If it was established that the package was logged in, hopefully the name of the officer would be on that log. A search for the officer could begin, and he could be questioned about what happened to the hat.
As for checking archive boxes or lost and found boxes, that would probably switch to the Johnson Library, because it would have happened under his administration.
In addition, anything having to do with the assassination now has to be stored at one facility of the Archives. But it’s hard to see the hat as relevant to the assassination. Link to the National Archive records of the Secret Service.
The following items that are kept by the National Archives relating to the White House Secret Service details are:
87.3 Records of White House Secret Service Details (1902-69):
Textual Records: Microfilm copy of daily reports of agents on White House detail, 1902-36 (4 rolls). Records relating to the safety of the President, 1933-45 (in Roosevelt Library); 1945-53 (in Truman Library); and 1952-61 (in Eisenhower Library). Appointment slips for visitors, 1961-63 (in Kennedy Library); and 1963-69 (in Johnson Library). Gate logs, 1961-63 (in Kennedy Library). Presidential movement logs, 1963-69 (in Johnson Library). Executive Protective Service White House and Executive Office Building work project reports, 1964-68 (in Johnson Library).
Related Records: Papers of individual Secret Service agents and high-level officials (in Hoover, Eisenhower, and Johnson Libraries). Oral history interviews of Secret Service Agents James J. Rowley and Rufus W. Youngblood (in Johnson Library). Gate logs and appointment slips for visitors, 1974-77 (in Ford Library).
Continuing the Search:
The trail of the missing hat is the stuff that books are written about. Active investigation could uncover interesting leads that point to other leads.
It would be helpful to interview all the current Kennedy agents still alive and ask about those days. Did any of them ever hear about the hat? And what was the White House Police office like? Was it tightly or loosely run? Was it a place things could get lost easily, or could they always be counted on? And did they fire anyone for unethical behavior during late 1963 or early 1964?
Perhaps the hat was victim to a simple careless mistake – someone throwing it out accidentally. Perhaps it was destroyed purposely by someone in the inner circle who wanted Jackie to never have to confront it again.

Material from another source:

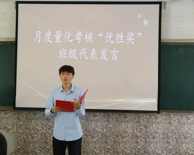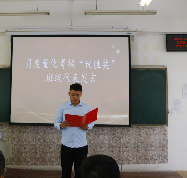 會(huì)議對(duì)學(xué)院4月和5月月度量化考核“優(yōu)勝班級(jí)”和“文明宿舍”進(jìn)行了表彰,為獲評(píng)月度“文明宿舍”的11個(gè)宿舍頒發(fā)流動(dòng)紅旗,為獲評(píng)月度“優(yōu)勝班級(jí)”的三個(gè)班級(jí)頒發(fā)獎(jiǎng)狀。文明宿舍代表S23201班姚鑫,優(yōu)勝班級(jí)代表S23011班劉鵬飛、S23014班杜磊相繼發(fā)言,先后介紹了文明宿舍創(chuàng)建和建設(shè)良好班集體的經(jīng)驗(yàn)做法。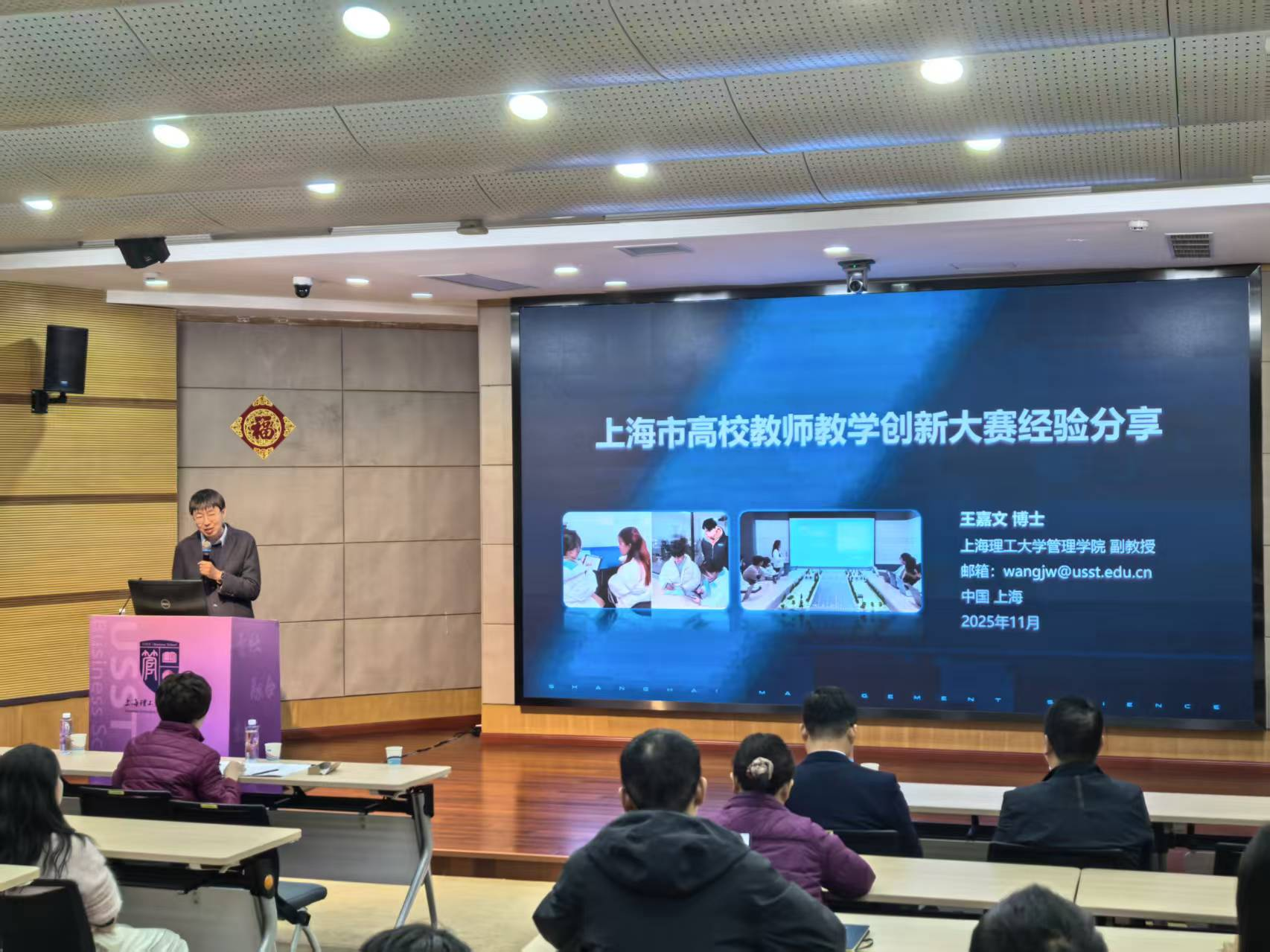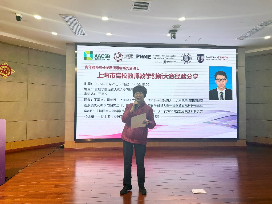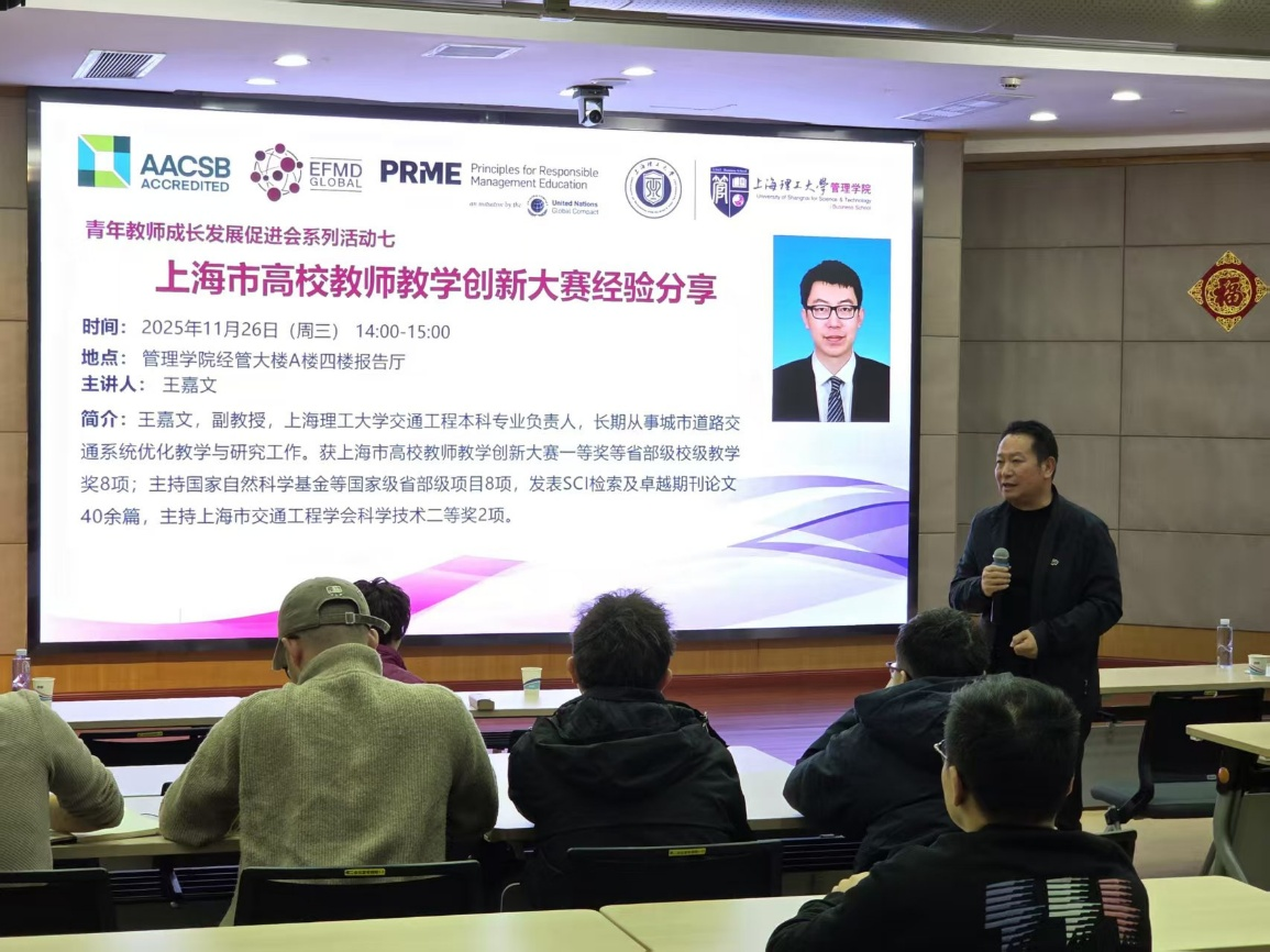 2025年11月26日,上海理工大学管理学院青年教师成长发展促进会2025年第七次活动在经管大楼A楼四楼报告厅举办。本次活动以“上海市高校教师教学创新大赛经验分享”为主题,旨在推广教学创新理念、分享实战经验,全面提升青年教师的教学创新能力和比赛竞争力。本次活动特邀交通工程本科专业负责人、交通系统工程系副系主任王嘉文担任主讲嘉宾,为全体青年教师分享其参加“上海市高校教师教学创新大赛”的宝贵经验。管理学院党委书记马静波、副院长房志明、青促会指导教师李正明以及学院青年教师参加了本次活动。讲座由工业与系统工程系青年教师吕可主持。

Or perhaps, it is right in front of us and we don’t know it yet. Jackie said as much about the nature of historical preservation in the White House tour. She saved a Monroe period table for the Blue Room, which she had been hidden away in White House storage for years.
So the search is on.
Imagine the feeling of opening an archive box and pulling out a heavy large envelope and looking inside and discovering the vibrant raspberry pink hat. What a find for history.
Image source: Kennedy Library. Graphic by Steven L. Brawley/Jake Gariepy.